2.2. Log-normal simulations

To estimate the error bars of the 2PACF and the statistical significance of our results, we used the covariance matrix built from full-sky log-normal simulations that we produced with the FLASK code¹ (Xavier et al. 2016; de Carvalho et al. 2020). We generated a set of 1000 simulations for which we assume the Lambda cold dark matter (ΛCDM) cosmological parameters measured by the Planck Collaboration VI (2020), including all effects available such as lensing, redshift space distortions (RSD), and nonlinear clustering to compute with the code CAMBsources² (Challinor & Lewis 2011) the fiducial angular power spectrum C_ℓ that was used as input.

This set of simulations was designed to be used in the angular analyses where we assumed a top-hat redshift bin (0.105 ≤ z ≤ 0.115) with a surface number density of 2.3 galaxies per deg² (the same as in SDSS data). These simulated data share the observational features of the data set in the analyses, that is, the same number density and footprint sky area, and they were also weighted by the FKP scheme. The number of simulated cosmic objects in each catalog is N_sim ≃ 16 000. For this set of simulated maps, we adopted an angular resolution of 0.11 deg², given by the HEALPix³ (Górski et al. 2005) parameter N_side = 512.

3. Two-point correlation estimator

We performed a 2D BAO measurement at low redshift with the SDSS blue galaxy sample. This measurement complements similar 2D analyses performed following the same method applied to other cosmological tracers, such as LRG and quasars, at several redshifts (Carvalho et al. 2016, 2020; Alcaniz et al. 2017; de Carvalho et al. 2018). The 2D BAO studies were performed by applying the 2PACF to the thin redshift bin 0.105 ≤ z ≤ 0.115. Additionally, supported by a large set of log-normal simulations, we describe how the covariance matrix was used in the error analyses, including statistical and systematic contributions.
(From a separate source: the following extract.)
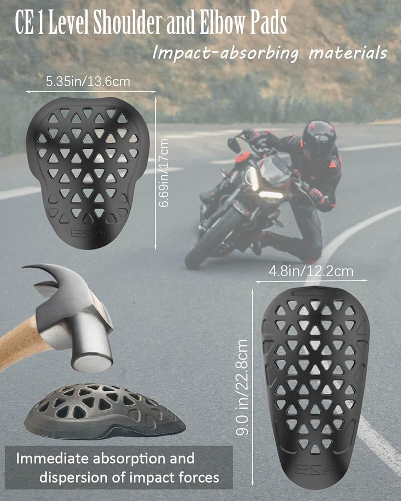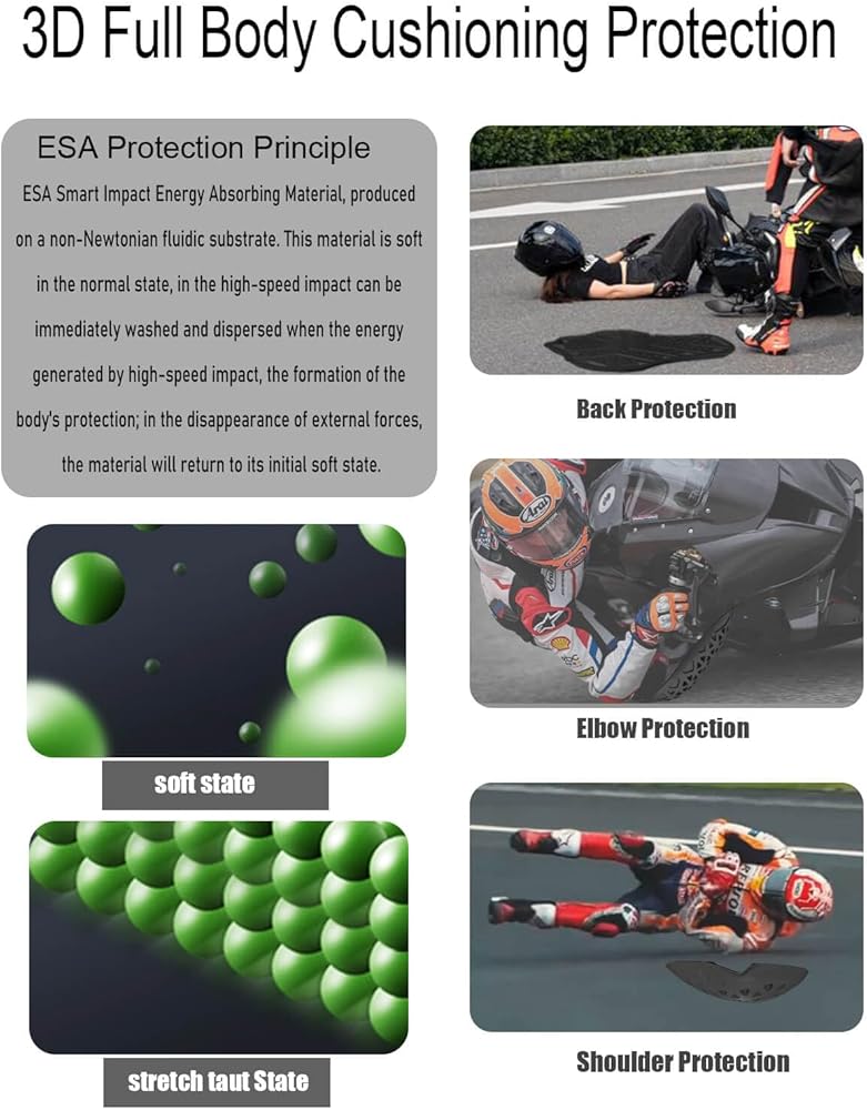 [Advanced Shock Absorption]: Crafted with ESA shock-absorbing materials, our protective gear efficiently absorbs impact energy, minimizing localized injury and enhancing your confidence while riding or participating in other high-action activities.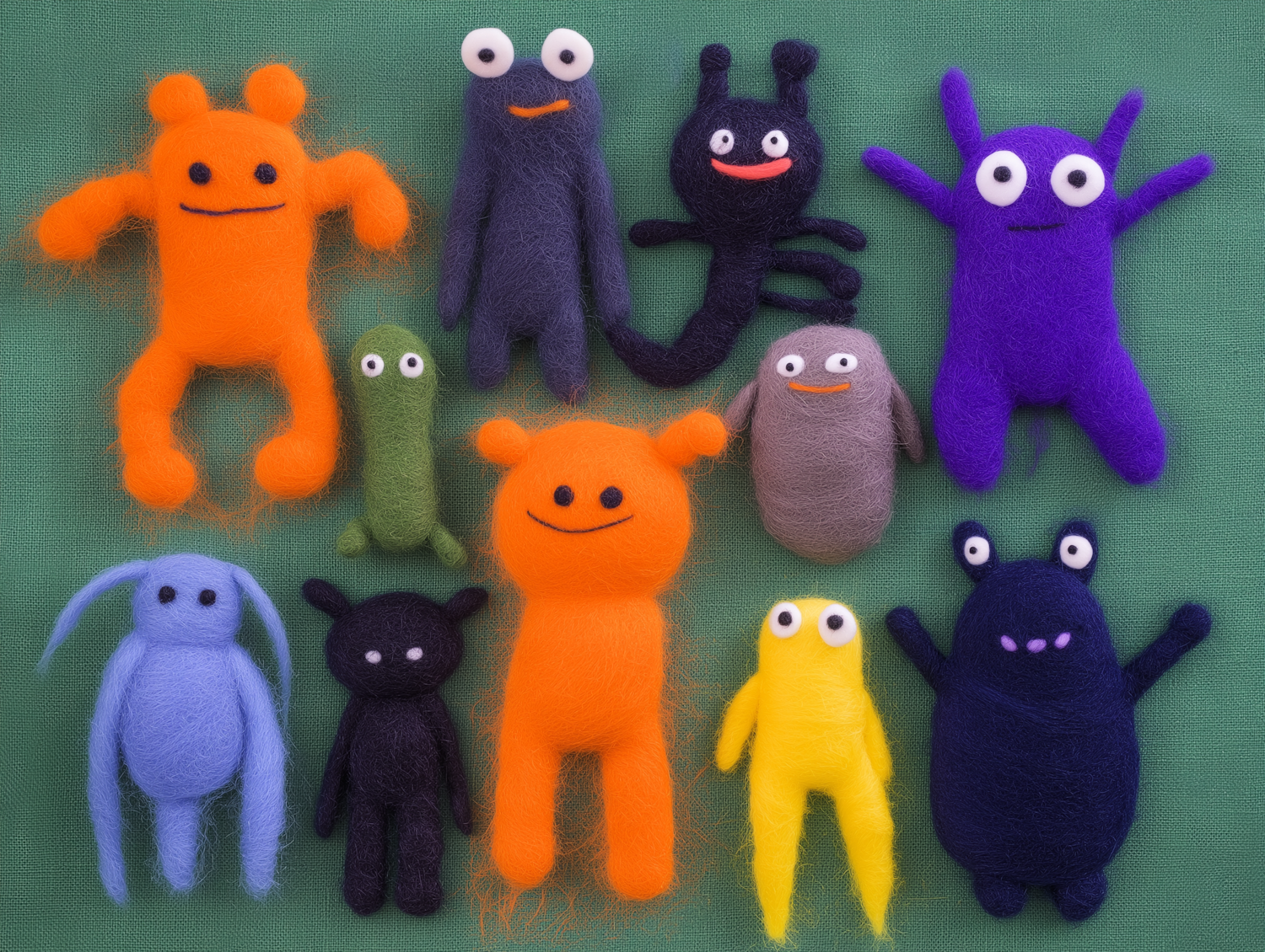 Colorful felted creatures with googly eyes on a green background, showcasing playful and whimsical designs.

3.1. Two-point angular correlation function

In the 2D analysis, the 2PACF (Peebles & Yu 1970; Landy & Szalay 1993) estimates the angular correlation for data pairs projected on the celestial sphere (for alternative clustering analyses, see, e.g., Avila et al. 2018, 2019; Bengaly et al. 2017; Feldbrugge et al. 2019; Novaes et al. 2016, 2018; Marques & Bernui 2020; Marques et al. 2020; Pandey & Sarkar 2020; Sosa Nuñez & Niz 2020). Considering blue galaxies in a redshift shell, the 2PACF measures the angular diameter distance D_A due to the transverse BAO signal of the sound horizon scale there, where this signature appears as a bump at certain angular scale. The expression for the 2PACF estimator, ω(θ), is given by

$$\begin{array}{c}\hfill \omega (\theta )\equiv \frac{DD(\theta )-2DR(\theta )+RR(\theta )}{RR(\theta )},\end{array}$$(2)

with θ the angular separation between any pair of blue galaxies A, B, given by

$$\begin{array}{c}\hfill \theta =arccos[sin{\delta }_{A}sin{\delta }_B+cos{\delta }_{A}cos{\delta }_{B}cos({\alpha }_A-{\alpha }_B)],\end{array}$$

where α_A, α_B and δ_A, δ_B are the right ascension and declination coordinates of the blue galaxies A and B, respectively (Landy & Szalay 1993; Sánchez et al. 2011).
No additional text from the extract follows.